CONTEMPT – incident outside courtroom – alleged threats and incitement to violence by contemnor against parties to ongoing court proceedings – alleged threats and abuse against lawyers and witnesses – alleged statement questioning integrity and impartiality of judge – whether such conduct constitutes contempt of court – standard of proof.


There was an incident outside a courtroom, within the precincts of the National Court, which led to the contemnor being charged with four counts of contempt of court for (1) threatening and inciting violence against and between parties to ongoing court proceedings, (2) threatening and abusing lawyers involved in those court proceedings, (3) threatening and abusing persons who may be witnesses in those proceedings and (4) calling into question the integrity and impartiality of the presiding Judge. A trial was held to determine whether contemnor was guilty of contempt.


Held:


(1) Contempt of court is a criminal offence, the elements of which are any act or omission, committed in the face of the court or outside court, which is intended to or calculated to or likely to interfere or obstruct the fair or due administration of justice (Andrew Kwimberi v The State (1998) SC545).

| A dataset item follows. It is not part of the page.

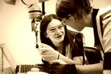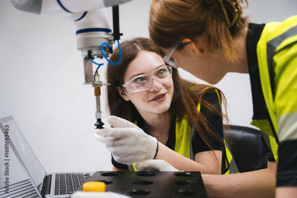 Female students collaborating in robotics lab with laptop and industrial robot, concept of AI learning, STEM education, teamwork, and future technology training.
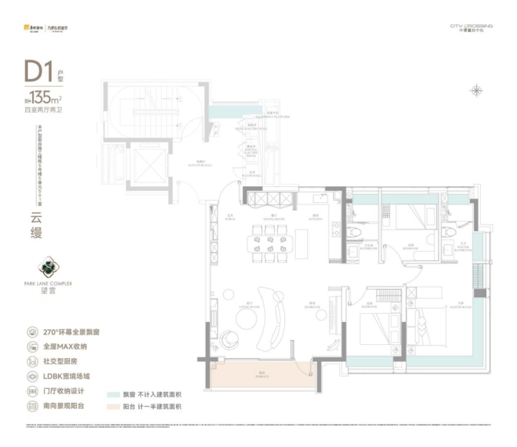 望雲精研8层公园电梯洋房形制,为居者营造出自然亲地、花鸟比邻、四季皆景的低密公园洋房社区。建面约135㎡臻稀洋房,区别于高层住宅的局促布局,以坐北朝南的经典规制匠筑户型基底、以大面宽采光界面打破室内外界限,实现“全屋无暗角”的光影奢享;以低密规划构建纯粹居住场域,打造私密尊崇的生活边界;匠筑LDBK宽境场域、用超高得房率给予居者更高舒适度、以超越常规的楼间距尺度重构生活边界。南向宽奢景观阳台,让居者享有更大绿化空间的同时享有更丰盈的景观视野,给予生活更多的自然绿意和充足阳光。

(2) There are numerous categories of contempt, including taking reprisals on witnesses and court officials on account of what they have said or done in court (the type of contempt charged under counts 1, 2 and 3) and scandalising the court or a judge (the type of contempt charged under count 4) (Peter Luga v Richard Sikani (2002) N2285).

(3) There was clear evidence that, during an adjournment of ongoing court proceedings, the contemnor, behaving in an angry and aggressive manner, threatened and incited physical violence against parties to ongoing court proceedings, threatened and abused lawyers and a person who may be a witness.

(4) Such conduct was likely to interfere in the due administration of justice as it had real potential to interrupt the orderly dispatch of the business of the National Court by hampering the ability of parties, lawyers and potential witnesses to put their cases and give evidence freely and without fear of intimidation or reprisal.

(5) The contemnor was accordingly found guilty of counts 1, 2 and 3.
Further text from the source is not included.